PUB • CONTINUE A LER A SEGUIR

Ou seja, este governo colocou Portugal sob “aviso vermelho” (o vermelho é definitivamente a cor favorita deste governo) da Comissão. Em Abril, Maio, teremos o regresso da triste e desgastante novela Lisboa-Bruxelas. Estas duas semanas, de resto, mostraram como será a vida deste governo: um estado de negociação permanente sobre questões orçamentais. Internamente, estará sempre a negociar com o PCP e com o BE (pobre Centeno, por esta altura deve ter pesadelos com o João Oliveira e a Mariana Mortágua). Na frente externa, iniciou um conflito orçamental com a União Europeia, com altos e baixos, mas que acompanhará o governo até ao fim, e com tendência para piorar com o tempo. Um governo que queria “começar um tempo novo” já se condenou a estar refém das questões orçamentais e financeiras, em vez de se concentrar no crescimento económico e nas reformas que o país precisa. Temos um governo que em lugar de governar para melhorar o futuro do país, está a ajustar contas com o passado.

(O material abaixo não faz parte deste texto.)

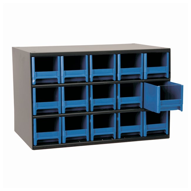 For heavy-duty, color-coded storage/organizationSuper durable cabinets are available with five different drawer sizes and colors.CabinetHeavy-duty welded-steel frame with long-lasting powder-coated finishBuilt-in nesting feet for safe, stable stackingFour keyhole slots for easy wall mountingDesigned to fit side-by-side on standard 36 in.-wide shelvingDimensions: 11D x 17W x 11 in.HDrawersStrong, high-impact polystyrene drawers are rust, corrosion and dent-proofLabel holder and transparent window for content identificationDrawers available in black, blue, gray, red and yellowTwo dovetailed dividers per removable drawer; can be divided into as many as eight compartmentsRear stop tab prevents spills and lossOrder InfoReplacement drawers and additional dividers available; contact your Fisher Scientific Sales Representative for information.

Em grande parte, o governo português iniciou o conflito com a União Europeia devido a uma análise errada do momento político europeu. Convenceu-se que a crise dos refugiados e o referendo britânico levariam Bruxelas e Berlim a serem muito mais tolerantes em relação a desvios orçamentais. Quem se preocuparia com Portugal quando se joga o futuro de Schengen, e talvez da própria Merkel, e a manutenção do Reino Unido na EU? Mas os cálculos do governo estavam errados. Os parceiros europeus fazem uma distinção entre as questões da zona Euro e o problema dos refugiados e continuam a seguir com muita atenção tudo o que possa provocar uma nova crise na zona Euro. Aliás, juntar à crise dos refugiados uma crise do Euro é que deve ser evitado a todo o custo. Por isso, e mais uma vez numa situação invulgar, Merkel elogiou o anterior PM ao lado de António Costa.

Bem sei que a esquerda fica atónita sempre e quando a direita faz oposição ao seus governos. No mundo ideal das esquerdas, elas vão para o governo, seja qual for o resultado eleitoral, esperando que a direita fique calada e quieta na oposição. Mas, em democracia, não há nada mais salutar e patriótico do que manter o poder político sob escrutínio. Agora, por vontade das esquerdas, compete à direita estar fora do governo. Assim será. A oposição será feita com zelo. Habituem-se.

2. Marcelo Rebelo de Sousa escolheu Fernando Frutuoso de Melo para chefe da Casa Civil, A escolha não poderia ter sido mais acertada, dada a experiência e competência demonstrada por FFM nos anos que trabalhou na Comissão Europeia. Além disso, Rebelo de Sousa terá um canal directo para Bruxelas, sem depender das informações dadas pelo governo. Num momento em que Bruxelas faz parte da política nacional, o novo Presidente escolheu muito bem.